Using downloaded and verified file: ./data\train_32x32.mat
Using downloaded and verified file: ./data\test_32x32.mat


In [14]:
# Use the model pre-trained on MNIST as initialization.
# Optionally, you can freeze some layers. Here, we'll fine-tune the whole network.
model_svhn = SimpleCNN().to(device)
model_svhn.load_state_dict(model_mnist.state_dict())  # load pre-trained MNIST weights

# Define a new optimizer for fine-tuning on SVHN
optimizer_svhn = optim.Adam(model_svhn.parameters(), lr=0.001)
num_epochs_svhn = 5  # number of fine-tuning epochs

print("\nFine-tuning on SVHN...")
for epoch in range(num_epochs_svhn):
    model_svhn.train()
    running_loss = 0.0
    correct = 0
    total = 0
    for images, labels in train_loader_svhn:
        images, labels = images.to(device), labels.to(device)
        optimizer_svhn.zero_grad()
        outputs = model_svhn(images)
        loss = criterion(outputs, labels)
        loss.backward()
        optimizer_svhn.step()
        
        running_loss += loss.item() * images.size(0)
        _, predicted = torch.max(outputs, 1)
        total += labels.size(0)
        correct += (predicted == labels).sum().item()
    
    epoch_loss = running_loss / total
    epoch_acc = 100 * correct / total
    print(f"Epoch {epoch+1}/{num_epochs_svhn} - Loss: {epoch_loss:.4f}, Accuracy: {epoch_acc:.2f}%")

# Evaluate on SVHN test set
model_svhn.eval()
correct = 0
total = 0
with torch.no_grad():
    for images, labels in test_loader_svhn:
        images, labels = images.to(device), labels.to(device)
        outputs = model_svhn(images)
        _, predicted = torch.max(outputs, 1)
        total += labels.size(0)
        correct += (predicted == labels).sum().item()
svhn_test_acc = 100 * correct / total
print(f"\nSVHN Test Accuracy (Transfer Learning from MNIST): {svhn_test_acc:.2f}%")


Fine-tuning on SVHN...
Epoch 1/5 - Loss: 0.6427, Accuracy: 81.09%
Epoch 2/5 - Loss: 0.3873, Accuracy: 88.66%
Epoch 3/5 - Loss: 0.3103, Accuracy: 90.87%
Epoch 4/5 - Loss: 0.2567, Accuracy: 92.44%
Epoch 5/5 - Loss: 0.2143, Accuracy: 93.81%

SVHN Test Accuracy (Transfer Learning from MNIST): 89.77%


Although the transferred model starts with a good initialization (thanks to MNIST), its performance on SVHN is lower (around 89.77% test accuracy) due to the higher variability and complexity in SVHN images.

Summary of Differences and Results

- Dataset Complexity:
MNIST is simpler, with centered, clean handwritten digits, leading to near-perfect performance.
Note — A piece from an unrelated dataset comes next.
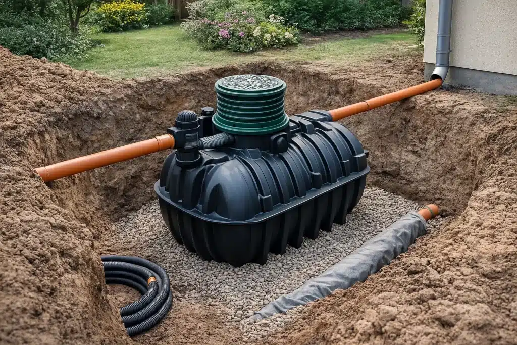 Enterrée sous le niveau du sol, la cuve ne gêne pas l’aménagement extérieur et reste protégée des variations de température et des chocs.

In contrast, SVHN is more diverse with real-world variations in color, background, and noise, making it a harder task.

- Training Strategy:
In Part 1, the model is fully trained on MNIST from scratch. In Part 2, we leverage transfer learning by fine-tuning the MNIST model on SVHN. This means the model uses the robust features learned on MNIST as a foundation but adapts them to handle the additional complexity in SVHN.

- Results:
The MNIST model achieves extremely high accuracy because the task is straightforward. The SVHN model, while benefiting from the transferred features, achieves lower accuracy due to the increased difficulty of the dataset. This demonstrates that transfer learning can be effective, but the performance is influenced by how similar the source and target domains are.

Overall, transfer learning from MNIST to SVHN shows that while features learned on a simple dataset can help with a more complex one, the differences in image characteristics naturally lead to a drop in performance when moving to a more challenging task.